(TASK PROMPT):
An exact transcription is needed, starting at the line containing "to storage anxiety." and running through the last line of the records, with every picture left out.

** Opening SUPPLIED MATERIAL block **

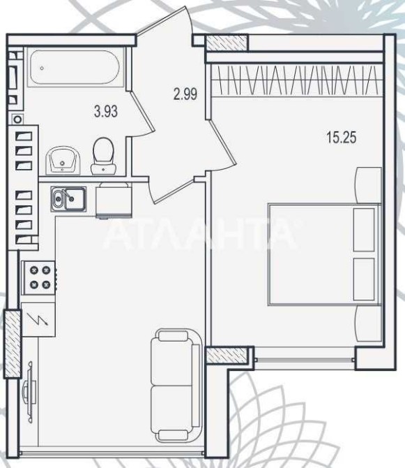 • Общая площадь 38 м2
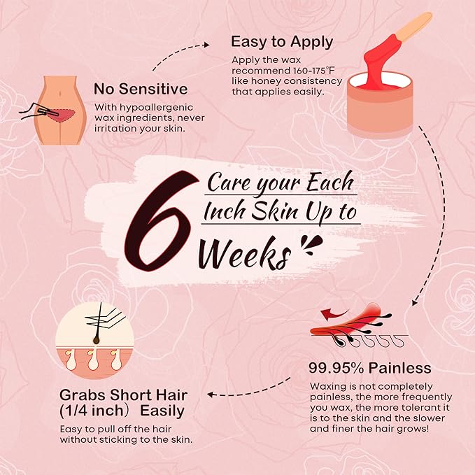 - Salon Results, Home Convenience: Experience salon-like results with hot wax hair removal in the comfort of your home. Our easy-to-use hard wax beans are perfect for beginners, providing long-lasting hair removal without strips, lasting up to 6 weeks - much longer than shaving
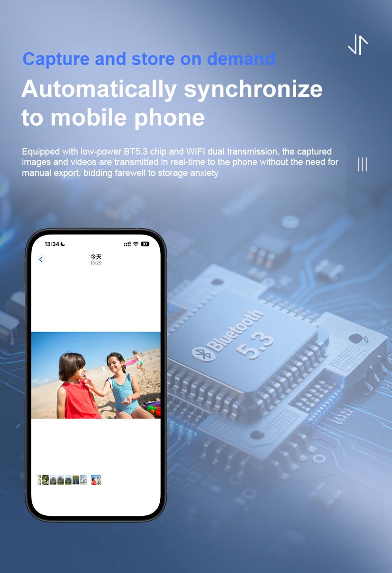 ●【Automatically synchronize to mobile phone】: Equipped with low-power BT5.3 chip and WIFI dual transmission, the captured images and videos are transmitted in real-time to the phone without the need for manual export, bidding farewell to storage anxiety.
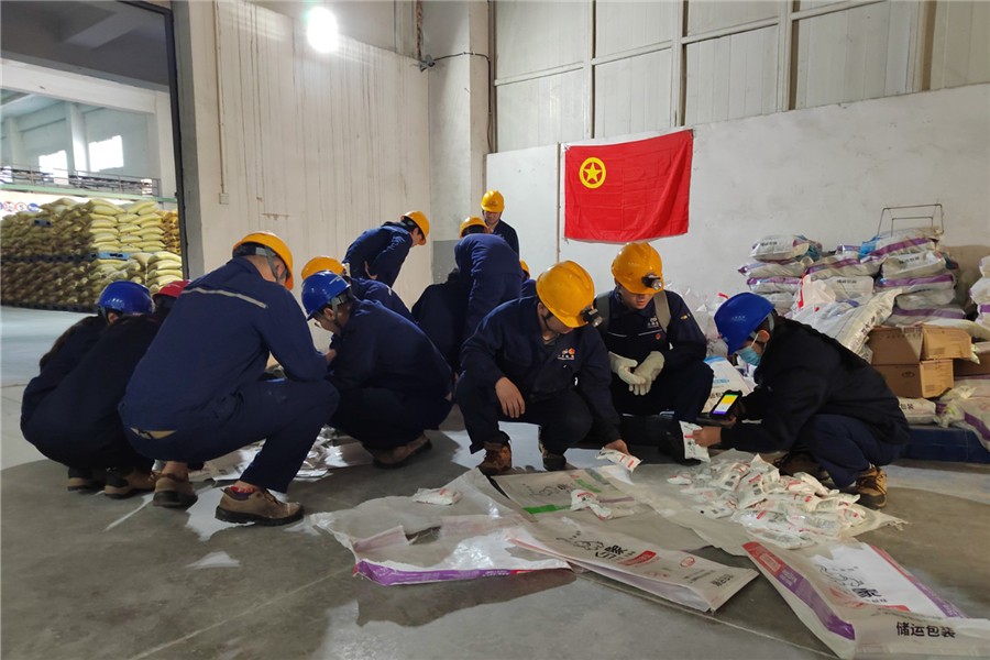 随后,矿团委组织团员青年对包装分厂破包小袋盐产品进行翻包。在包装分厂技术员的讲解带领下,团员青年们分成三个小组,对500g加碘精制食盐中包装破损的小袋盐产品进行整理剔除,同时按照生产日期、批次一致的原则对合格的小袋盐产品进行补缺并扫码装袋,大家分工协作,经过两个小时的劳动,完成了破包小袋盐产品的翻包工作。
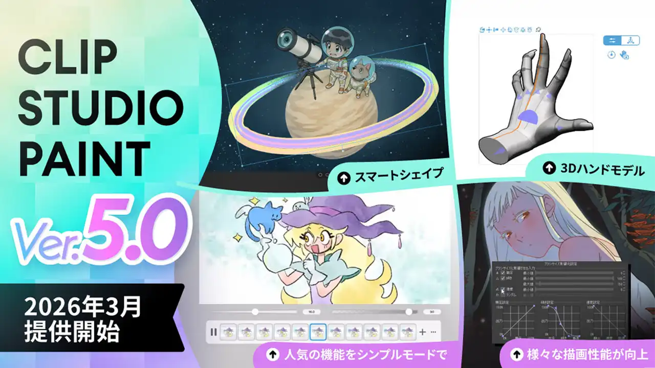 2026年3月11日 – セルシスは、ペイントツール「CLIP STUDIO PAINT EX/PRO」の最新バージョンとなるVer.5.0.0(Windows版 / macOS版 / iPad版 / iPhone版 / Android版)を公開しました。
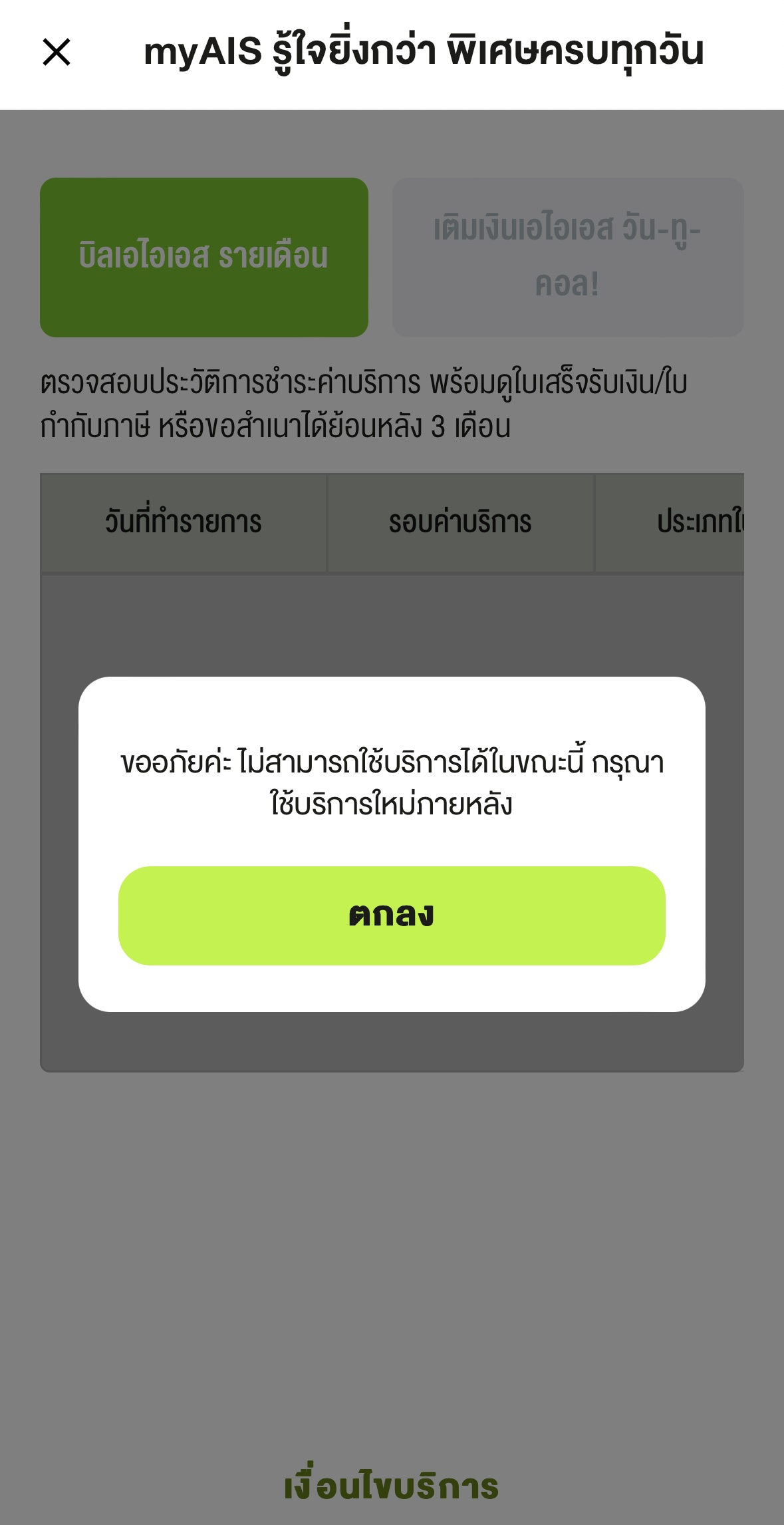 My ais จะเช็คยอดชำระบิลแต่ขึ้นแบบนี้ต้องทำยังไงครับ
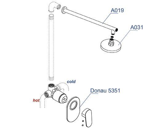 Wasserkraft А12031 Встраиваемый комплект для душа с верхней душевой насадкой
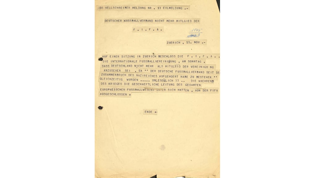 Nach dem Ende des Zweiten Weltkriegs wird Deutschland 1945 aus der FIFA ausgeschlossen.

** Closing SUPPLIED MATERIAL block **

(EXERCISE RESPONSE):
 ●【Automatically synchronize to mobile phone】: Equipped with low-power BT5.3 chip and WIFI dual transmission, the captured images and videos are transmitted in real-time to the phone without the need for manual export, bidding farewell to storage anxiety.
 随后,矿团委组织团员青年对包装分厂破包小袋盐产品进行翻包。在包装分厂技术员的讲解带领下,团员青年们分成三个小组,对500g加碘精制食盐中包装破损的小袋盐产品进行整理剔除,同时按照生产日期、批次一致的原则对合格的小袋盐产品进行补缺并扫码装袋,大家分工协作,经过两个小时的劳动,完成了破包小袋盐产品的翻包工作。
 2026年3月11日 – セルシスは、ペイントツール「CLIP STUDIO PAINT EX/PRO」の最新バージョンとなるVer.5.0.0(Windows版 / macOS版 / iPad版 / iPhone版 / Android版)を公開しました。
 My ais จะเช็คยอดชำระบิลแต่ขึ้นแบบนี้ต้องทำยังไงครับ
 Wasserkraft А12031 Встраиваемый комплект для душа с верхней душевой насадкой
 Nach dem Ende des Zweiten Weltkriegs wird Deutschland 1945 aus der FIFA ausgeschlossen.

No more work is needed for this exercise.